Neither the compiler nor the OS do this. It's the linker that determines where the memory sections are located. The compiler generates object files from the source code. The linker uses the linker script file to locate the object files in memory. The linker script (or linker directive) file is a file that is a part of the project and identifies the type, size and address of the various memory types such as ROM and RAM. The linker program uses the information from the linker script file to know where each memory starts. Then the linker locates each type of memory from an object file into an appropriate memory section. For example, code goes in the .text section which is usually located in ROM. Variables go in the .data or .bss section which are located in RAM. The stack and heap also go in RAM. As the linker fills one section it learns the size of that section and can then know where to start the next section. For example, the .bss section may start where the .data section ended.
The size of the stack and heap may be specified in the linker script file or as project options in the IDE.
IDEs for embedded systems typically provide a generic linker script file automatically when you create a project. The generic linker file is suitable for many projects so you may never have to customize it. But as you customize your target hardware and application further you may find that you also need to customize the linker script file.
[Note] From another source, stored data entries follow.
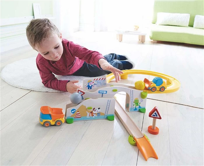 Deze mooie bouwplaats is een deel van Haba’s nieuwe Kullerbü knikkerbanen voor de kleintjes vanaf 2 jr. De knikkers zijn Ø 4,5 cm en kunnen dus niet worden ingeslikt.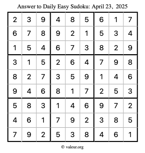 Here is the April 23, 2025 easy sudoku puzzle. You are welcome to print a copy to solve by hand. For your convenience, we have also included the solution further down the page so you can check your work.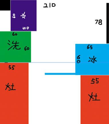 我发现早起和k3487971两位画的图有点比例失衡,如果把实际的东西放进去肯定不会剩那么大的活动空间。我这张图实际比例应该刚刚好,冰箱,洗衣机,炉台我都是量的我自己家的,实际不会差多少。 水盆建议你用不锈刚的,那样实用面积大。 黑色的水管下面,你可以挂镜子和洗漱用品应该很方便。窗户上你还可做个小架子放些油盐酱醋。右边的炉台已经有90多公分了,操作会很方便。15公分的那个水管可以忽略了。 有管道煤气当然还是用煤气吧。用电做出来的东西,,,,味道还是有所欠缺。我自己感觉我设计的还说的过去,起码不会有多余的死角.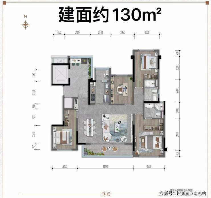 建面130平四房两厅两卫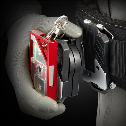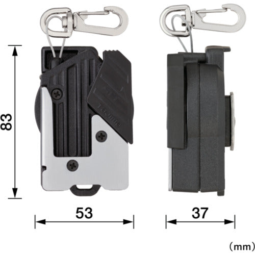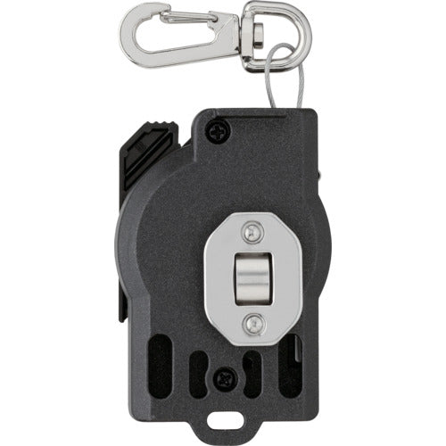 Catalogue number: SFAZ-ROPM10W Features: *Automatic retraction safety rope to prevent tools from falling, keeping the area around the waist neat *Safe holder on the front, safety hook on the back, allows tools to be changed along with the safety rope without any fine work *Automatic retraction makes it easy to move around as the wire is always under a constant tension, reducing the risk of the dangling wire getting caught on scaffolding, etc. *Aluminum die-cast body with excellent impact resistance that can withstand the weight of tools *Equipped with a shock absorber with a built-in shock absorbing mechanism to prevent the tool from bouncing back, even if the tool is dropped *Equipped with a hole for tying the holder *Equipped with a snap hook. ●Compatible with most tools, from levels to pendulums. Uses: ●Tool holder Specifications: ●Width (mm): 53 ●Cord length (mm): Maximum extension: 1200 ●Color: Black/Silver ●Maximum length (mm): 1200 ●Maximum load (kg): 1 ●Applicable tool weight: 1.0kg or less ●Rope length: 1,200mm Material/Finish: ●Winching device: Aluminum die-cast ●Wire: Metal Caution: ●This is not a metal fitting for supporting body weight. ●To ensure safety, do not use with tools or other products that weigh more than the specified weight. ●Product specifications are subject to change without notice. ●Please note.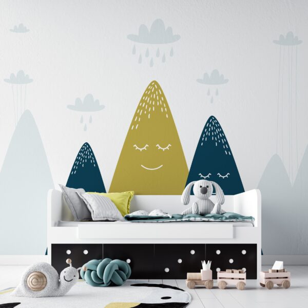 Renkli Dağlar ve Bulutlar Desenli Duvar Kağıdı

For example, if you add an external ROM or RAM to the board then you'll need to add information about that memory to the linker script so that the linker knows how to locate stuff there.
The linker can generate a map file which describes how each section was located in memory. The map file may not be generated by default and you may need to turn on a build option if you want to review it.
How the compiler or OS know which addresses belong to each section?
Well I don't believe the compiler or OS actually know this information, at least not in the sense that you could query them for the information. The compiler has finished its job before the memory sections are located by the linker so the compiler doesn't know the information. The OS, well how do I explain this? An embedded application may not even use an OS. The OS is just some code that provides services for an application. The OS doesn't know and doesn't care where the boundaries of memory sections are. All that information is already baked into the executable code by the time the OS is running.
Should we define it anywhere?
Look at the linker script (or linker directive) file and read the linker manual. The linker script is input to the linker and provides the rough outlines of memory. The linker locates everything in memory and determines the extent of each section.

For your Query :-
Where the boundaries between these sections are defined? Is it in Compiler or OS?
Answer is OS.
There is no universally common addressing scheme for the layout of the .text segment (executable code), .data segment (variables) and other program segments. However, the layout of the program itself is well-formed according to the system (OS) that will execute the program.
How the compiler or OS know which addresses belong to each section? Should we define it anywhere?
I divided your this question into 3 questions :-
About the text (code) and data sections and their limitation?
Text and Data are prepared by the compiler. The requirement for the compiler is to make sure that they are accessible and pack them in the lower portion of address space. The accessible address space will be limited by the hardware, e.g. if the instruction pointer register is 32-bit, then text address space would be 4 GiB.
About Heap Section and limit? Is it the total available RAM memory?
After text and data, the area above that is the heap. With virtual memory, the heap can practically grow up close to the max address space.
Do the stack and the heap have a static size limit?
The final segment in the process address space is the stack. The stack takes the end segment of the address space and it starts from the end and grows down.
Because the heap grows up and the stack grows down, they basically limit each other. Also, because both type of segments are writeable, it wasn't always a violation for one of them to cross the boundary, so you could have buffer or stack overflow. Now there are mechanism to stop them from happening.
There is a set limit for heap (stack) for each process to start with. This limit can be changed at runtime (using brk()/sbrk()). Basically what happens is when the process needs more heap space and it has run out of allocated space, the standard library will issue the call to the OS. The OS will allocate a page, which usually will be manage by user library for the program to use. I.e. if the program wants 1 KiB, the OS will give additional 4 KiB and the library will give 1 KiB to the program and have 3 KiB left for use when the program ask for more next time.
Most of the time the layout will be Text, Data, Heap (grows up), unallocated space and finally Stack (grows down). They all share the same address space.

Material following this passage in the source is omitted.